REQUIRED WORK
Output nothing but the lines from the one holding "Banner Close up" to the end of the listing. Reproduce them exactly, without the pictures.

DATA PROVIDED
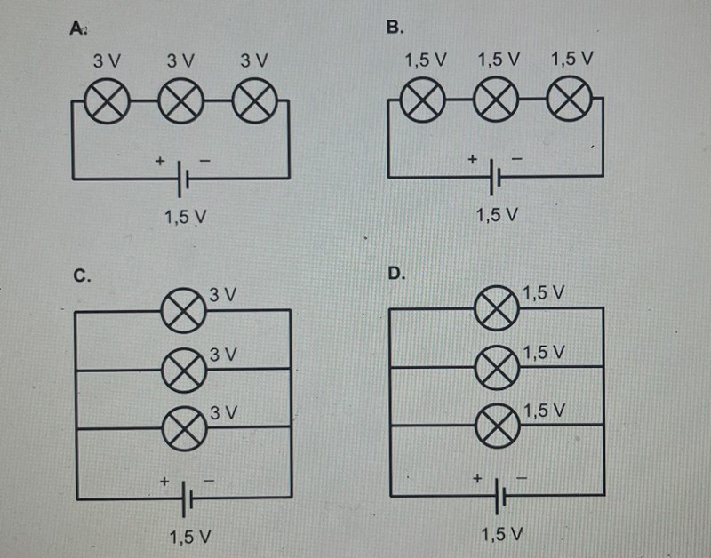 Enligt facit så är kopplingsschema D korrekt svar, men jag förstår inte varför. Jag förstår att man måste ta ett kopplingsschema som är parallellkopplat, men varför borde man ta det med 1,5 Volt istället för det med 3 Volt?
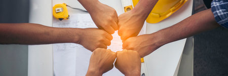 Banner Close up engineer men hands diversity multiethnic partners team together. Group of multiracial engineer Manager Foreman Teamwork meeting. Top view team join hands partnership with copy space
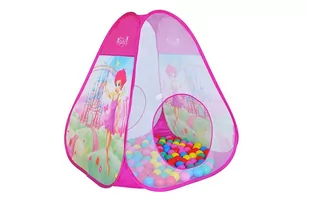 Namiot domek wróżki z piłeczkami 100 piłeczek o średnicy 6 cm Wykonany z nieprzemakalnego materiału Łatwy i szybki montaż Elastyczny stelaż

FINISHED TASK
 Banner Close up engineer men hands diversity multiethnic partners team together. Group of multiracial engineer Manager Foreman Teamwork meeting. Top view team join hands partnership with copy space
 Namiot domek wróżki z piłeczkami 100 piłeczek o średnicy 6 cm Wykonany z nieprzemakalnego materiału Łatwy i szybki montaż Elastyczny stelaż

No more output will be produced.